Hello, On Monday 02 Jan 2006 11:43 pm, Adrian Hey wrote:
Anyway, the problem is we have one hole and two "equal" things, only one of which can fit in the hole. Is there any reason why we can't simply adopt the position that which one is chosen is unspecified and the choice is entirely at the implementors discretion?
Well we've had 24 hours of silence on this issue, so I assume this indicates that there is no reason we can't adopt the above position :-) So I vote we drop the left/right biasing distinction. This way lies madness (as they say:-) Instead we demand that instances of Eq and Ord are semantically sane, as should be stated in the Haskell language definition, (but isn't AFAIK for some reason). So for all instances of Ord, the semantics regarding which of two (or more) "equal" values is used should always be "Who knows? Who cares?". If there's some good reason why we should care then the corresponding type should not be an instance of Ord. So what should be done in cases like this? It's tempting to think we should add HOF versions like this.. insertUsing :: (a -> a -> COrdering a) -> a -> Set a -> Set a But as others have pointed out, this is probably the wrong thing to do as Sets should provide some kind of semantic guarantees (not sure what :-) which may be broken if we allow arbitrary "combining comparisons" to be used. I think the right thing to do is to expose a non-overloaded API for the underlying data structure implementation, but don't call it a "Set" or "Map" or whatever. Call it exactly what it is "AVL tree" or "Adams tree" or "trie" (or whatever). If we don't expose this API, this leaves users no alternative but to define *broken* instances of Ord (and maybe Eq too) if they want to make use of the data structure, and then leaves them scrutinising source code trying to figure out if biasing is the way they need it (and if not, what the heck they can do about it?). This is Bad Thing I think. Regards -- Adrian Hey

Adrian Hey wrote:
So I vote we drop the left/right biasing distinction. This way lies madness (as they say:-)
I would not like to drop biasing distinction, as I don't think this costs too much. With biasing, maps could be implemented via "biased sets" (Set (MapEntry a b)): data MapEntry a b = a := b instance Eq/Ord a => Eq/Ord (MapEntry a b) where compare (a1 := _) (a2 := _) = compare a1 a2
If there's some good reason why we should care then the corresponding type should not be an instance of Ord. So what should be done in cases like this?
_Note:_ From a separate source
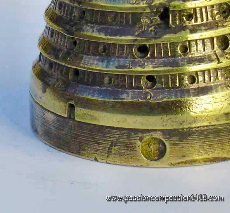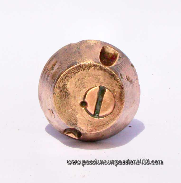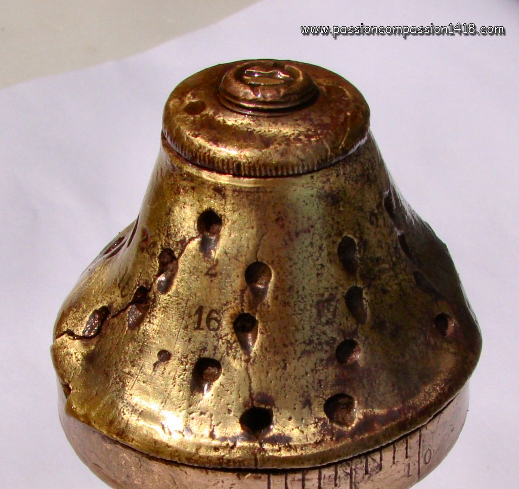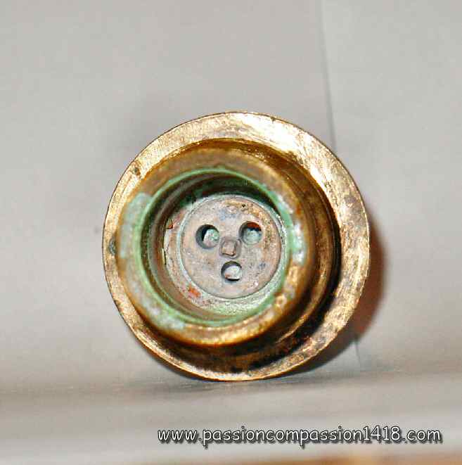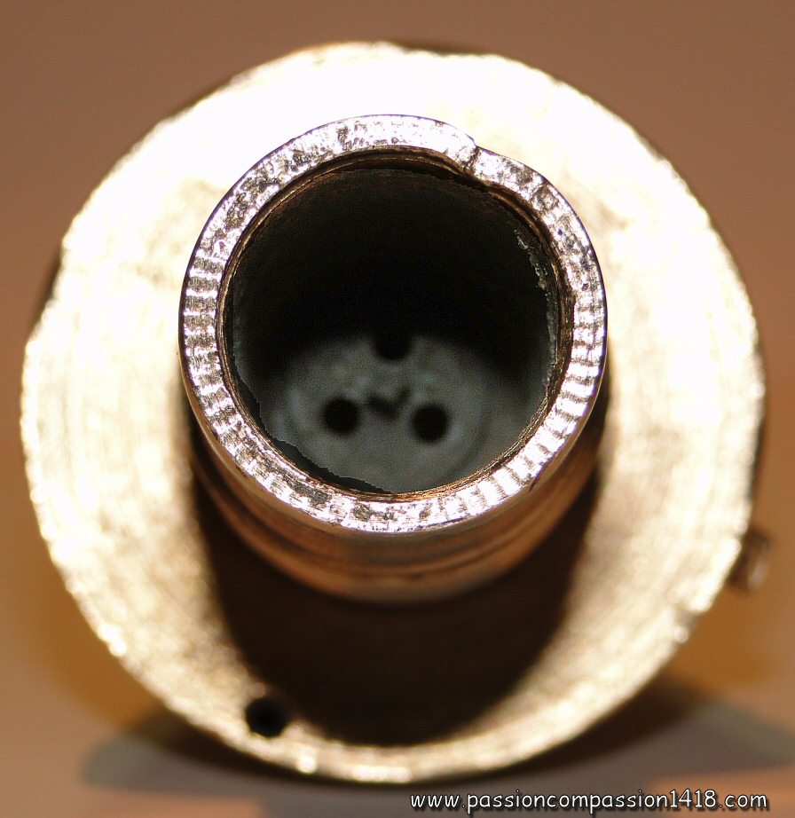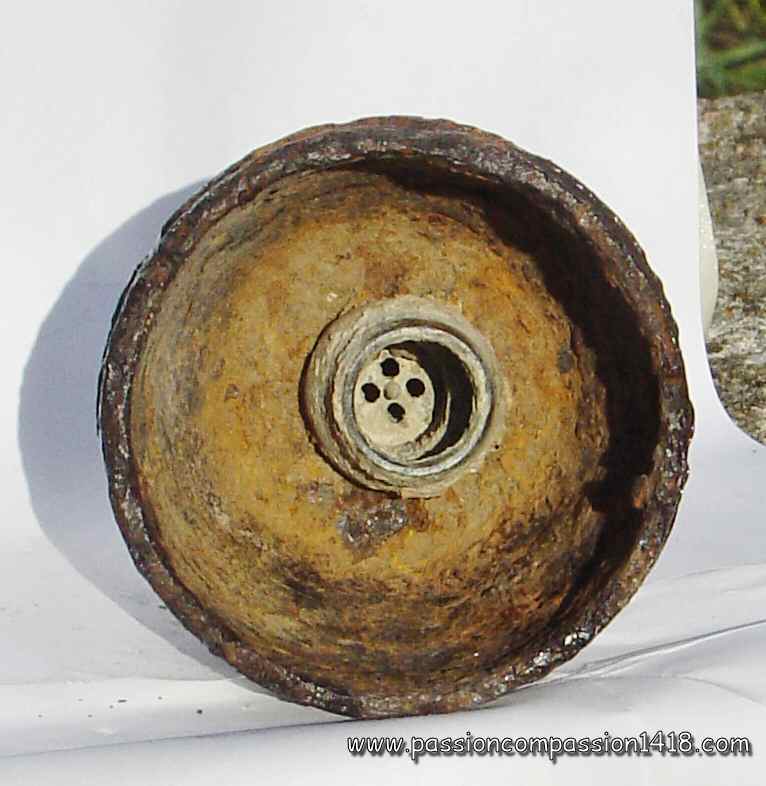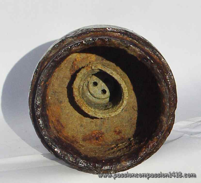 Fusée 30/55 Mod 1889 T. Vue du dessous montrant les orifices de mise à feu de la charge principale depuis le système fusant, et le rugueux de ce modèle à double effet. Photo Luc Malchair |

It's tempting to think we should add HOF versions like this..
insertUsing :: (a -> a -> COrdering a) -> a -> Set a -> Set a
It may also be possible to pass an order to "empty" and use it further on. The major problem is if varying orders are used ie. for "union". By good, bad or earlier design Data.Set/Map relies on Ord instances and I'm quite content with it. Cheers Christian

On 1/4/06, Christian Maeder
Adrian Hey wrote:
So I vote we drop the left/right biasing distinction. This way lies madness (as they say:-)
I would not like to drop biasing distinction, as I don't think this costs too much. With biasing, maps could be implemented via "biased sets" (Set (MapEntry a b)):
data MapEntry a b = a := b
instance Eq/Ord a => Eq/Ord (MapEntry a b) where compare (a1 := _) (a2 := _) = compare a1 a2
I would discourage such a use. This is exaclty why we provide Maps, after all.
If there's some good reason why we should care then the corresponding type should not be an instance of Ord. So what should be done in cases like this? It's tempting to think we should add HOF versions like this..
insertUsing :: (a -> a -> COrdering a) -> a -> Set a -> Set a
It may also be possible to pass an order to "empty" and use it further on. The major problem is if varying orders are used ie. for "union".
By good, bad or earlier design Data.Set/Map relies on Ord instances and I'm quite content with it.
A "good" solution would require dependent types or its type-classes emulation, but I think this is overkill. Cheers, JP.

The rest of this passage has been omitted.